[Source data]
══════════

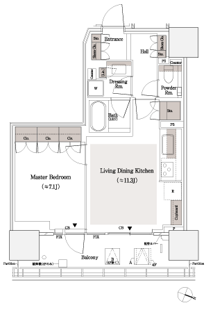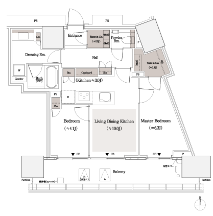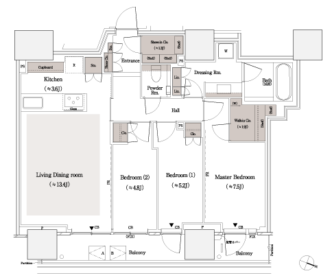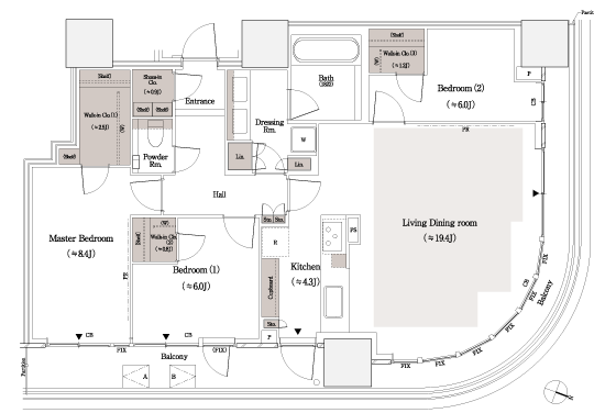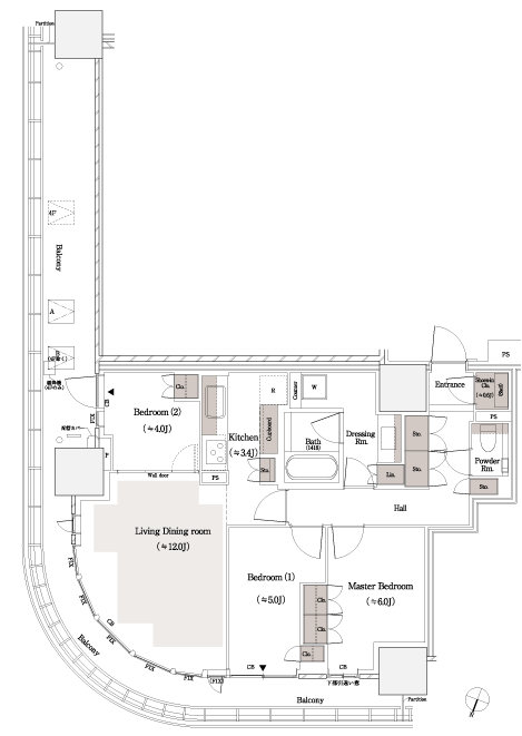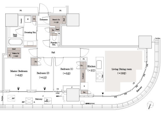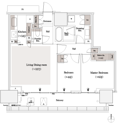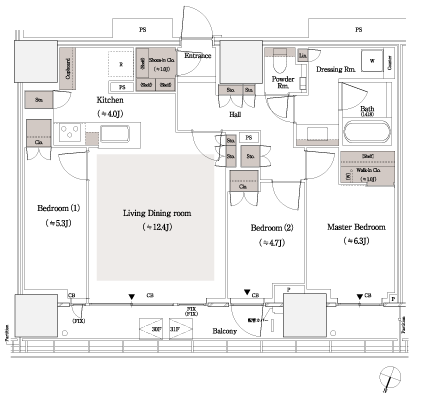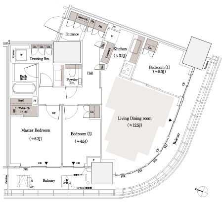 専有面積:47.88㎡(12戸)~102.48㎡(2戸)
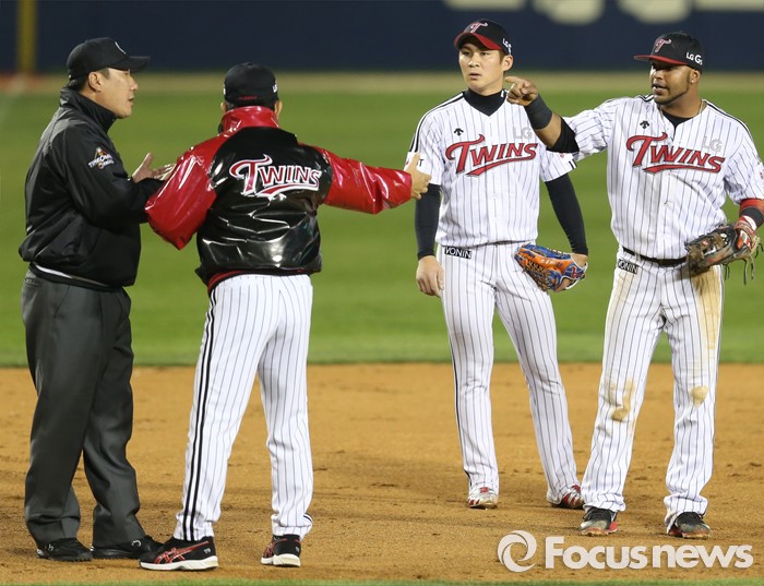 (서울=포커스뉴스) 21일 서울 잠실구장에서 열린 2016 프로야구 NC-LG 경기 5회 1사 1,2루에서 NC 이호준의 좌전안타때 LG 3루수 히메네스의 주루방해 판정에 양상문 LG 감독이 항의하고 있다.
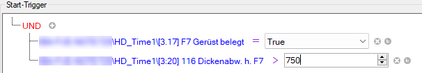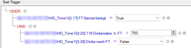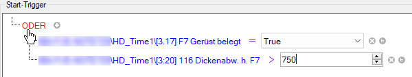 Mit der UND-Verknüpfung müssen beide Ausdrücke "True" sein, damit der Trigger auslöst. Wenn Sie wollen, dass der Trigger bereits auslöst, wenn nur eine Bedingung erfüllt ist, klicken Sie auf das rote UND, um auf die ODER-Verknüpfung umzuschalten.

══════════

Reproduce the listing above exactly, but skip the pictures.

 専有面積:47.88㎡(12戸)~102.48㎡(2戸)
 (서울=포커스뉴스) 21일 서울 잠실구장에서 열린 2016 프로야구 NC-LG 경기 5회 1사 1,2루에서 NC 이호준의 좌전안타때 LG 3루수 히메네스의 주루방해 판정에 양상문 LG 감독이 항의하고 있다.
 Mit der UND-Verknüpfung müssen beide Ausdrücke "True" sein, damit der Trigger auslöst. Wenn Sie wollen, dass der Trigger bereits auslöst, wenn nur eine Bedingung erfüllt ist, klicken Sie auf das rote UND, um auf die ODER-Verknüpfung umzuschalten.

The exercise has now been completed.